Sunday, April 7, 2013

Mastering Matrices

R has many ways to store information.  Most of the time, our data comes in the form of a dataset, which we bring into R as a data.frame object. However, there are times when we want to use matrices as well. This post will show you how matrices can be useful and how to manipulate them easily.

First of all, the big difference between matrices and dataframes is that all of the rows and columns of a matrix must have the same class (numeric, character, etc).  In a dataframe, you can have some of each. See my initial post about objects, here.

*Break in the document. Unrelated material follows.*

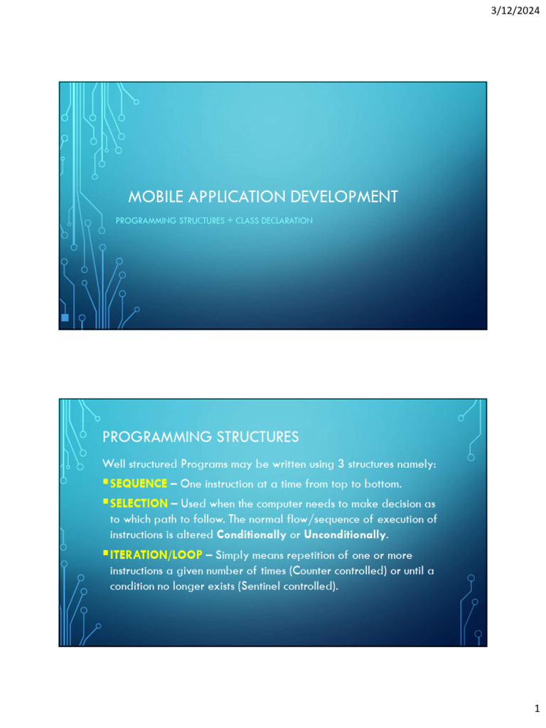 MOBILE APPLICATION DEVELOPMENT - Program Structures + Classes and ...

You can convert from one to the other using as.data.frame() or as.matrix().  Be careful though, that if you convert a dataframe with different classes of columns, then your matrix will just be all character:


In order to have a numeric matrix, I'm going to just take the first 6 columns of the mydata dataframe. I can delete columns of a matrix or dataframe in two ways:
mydata.mat<-as.matrix(mydata[,1:6])
mydata.mat<-as.matrix(mydata[,-7])
These two lines are doing the exact same thing. In the first, I am subsetting the dataframe mydata by taking all rows and the first 6 columns of the dataframe, then I'm converting that subset to a matrix. In the second, I'm taking all rows and all columns except the 7th column. Note that if I wanted to drop even more columns, I would just use the c() function like this:
mydata.mat<-as.matrix(mydata[,c(-3,-7)])
Note now that since I have taken out the one character column in my dataframe before I convert it to a matrix, I will get a numeric matrix instead of a character matrix:


This kind of operation for deleting columns works the same way in both matrices and dataframes. However, to add a column to a dataframe or matrix is different. In a dataframe, you can use the $ operator to identify columns, like mydata$Married is the vector corresponding to the Married column. However, you can't use the $ operator on matrices. You will get the following error that the "$ operator is invalid for atomic vectors", which I see all the time when I'm converting back and forth from dataframes to matrices and make a mistake:


All this message means is that the object you're using is a matrix (mydata.mat) and you can't use the $ operator on a matrix.  If you get this message, you can either use as.data.frame() to convert your matrix to a dataframe, or you can adjust what you are doing to accomodate the rules of matrices.  For adding columns to a matrix, you use cbind(), and likewise for rows, rbind().

So let's say I want to add an age squared column. In the dataframe, I do:
mydata$agesq<-mydata$Age^2
which instantly names the new column "agesq". Now for a matrix, there are two ways to do this, via indexing by number or by name of the original column:
mydata.mat<-cbind(mydata.mat, mydata.mat[,2]^2)
mydata.mat<-cbind(mydata.mat, mydata.mat[,"Age"]^2)
In the first line, I'm taking all rows and the second column of the mydata.mat matrix and squaring it, then I'm column binding it to the original matrix. In the second line, I'm doing the exact same thing, except that instead of indexing with a number, I can use the name of the column "Age". I get the following after running both statements:



Notice that the last two columns of this matrix do not have names, which can be rectified, by using the colnames() function:
colnames(mydata.mat)[7:8]<-c("AgeSq", "AgeSqAgain")
I don't want to rename everything, so I take the 7th and 8th columns and name those appropriately.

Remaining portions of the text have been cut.